Filter reads for low complexity

Description

This tool filters reads based on low complexity using either the DUST or Entropy algorithm. The algorithm is selected by defining a threshold value for it.

Details

The input data can be in FASTQ or FASTA format. You should give a threshold value to DUST or Entropy filter, but not both. The method for which the threshold value is defined will be used.

The DUST method uses the threshold value as maximum allowed score. The DUST approach is adapted from the algorithm used to mask low-complexity regions during BLAST search preprocessing. The scores are computed based on how often different trinucleotides occur and are scaled from 0 to 100. Higher scores imply lower complexity. A sequence of homopolymer repeats (e.g. TTTTTTTTT) has a score of 100, of dinucleotide repeats (e.g. TATATATATA) has a score around 49, and of trinucleotide repeats (e.g. TAGTAGTAGTAG) has a score around 32.

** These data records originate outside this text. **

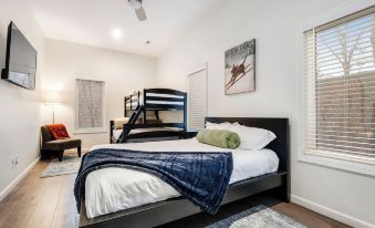 Lower Level Bedroom: Queen bed + single-over-full bunk bed, ideal for a family or group of kids sharing a room.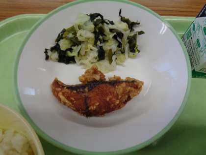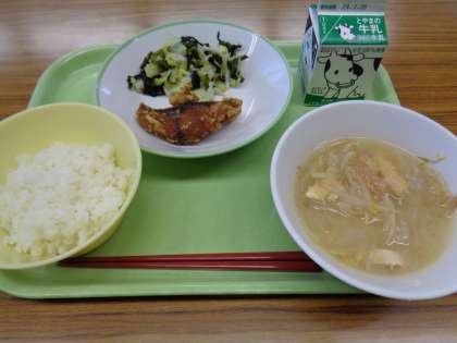 メニューは、ごはん、牛乳、魚の利久揚げ、酢の物、みそ汁でした。美味しくいただきました。明日は、1学期最後の給食です。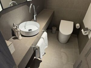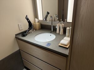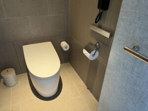 一つ目のトイレはミニバーの向かいにあります。当然ウオッシュレットの最新型なので文句のつけようがありません。シンクも個別に準備されて広さも十分なのでこれ一つで十分なくらいです。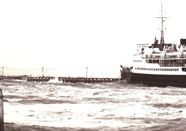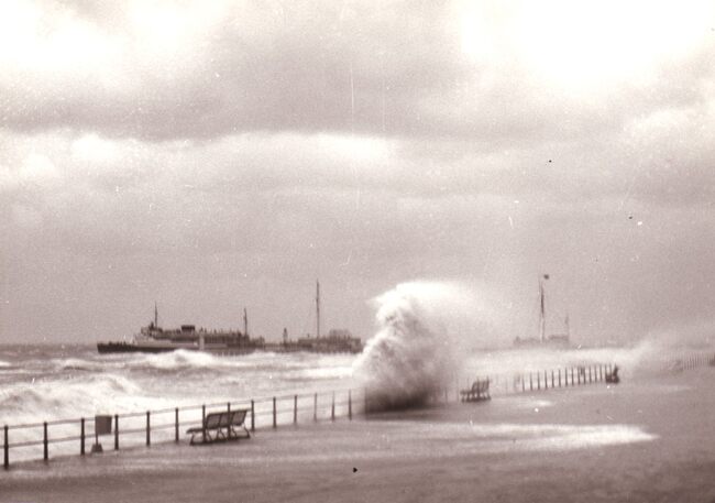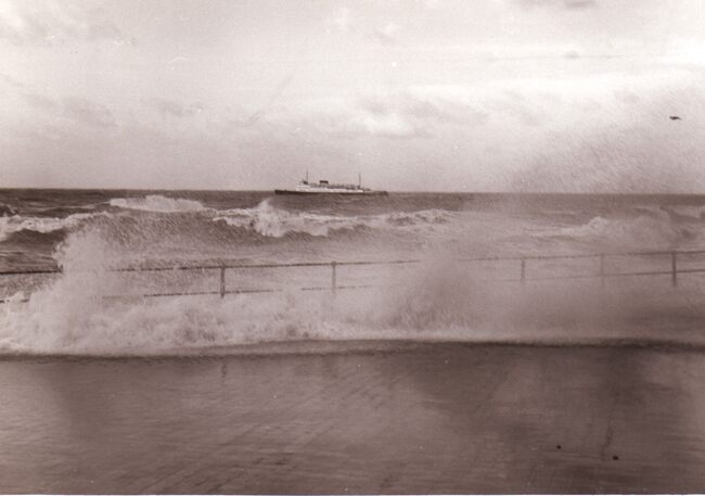 De ferry "Koningin Astrid" heeft het lastig in de havengeul bij stormweer,en heeft haar anker moeten laten vallen om te kunnen maneuvreren.

The Entropy method uses the threshold as minimum allowed value. The Entropy approach evaluates the entropy of trinucleotides in a sequence. The entropy values are scaled from 0 to 100 and lower entropy values imply lower complexity. A sequence of homopolymer repeats (e.g. TTTTTTTTT) has an entropy value of 0, of dinucleotide repeats (e.g. TATATATATA) has a value around 16, and of trinucleotide repeats (e.g. TAGTAGTAGTAG) has a value around 26.

Output

The reads that pass the filtering condition are saved to file called accepted.fastq or accepted.fasta. You can also choose to store the reads that are filtered out to a separate file (rejected.fastq or rejected.fasta). You can also print out a log file that contains information about the filtering task and statistics about how many reads were accepted and rejected.

Reference

This tool is based on the PRINSEQ package.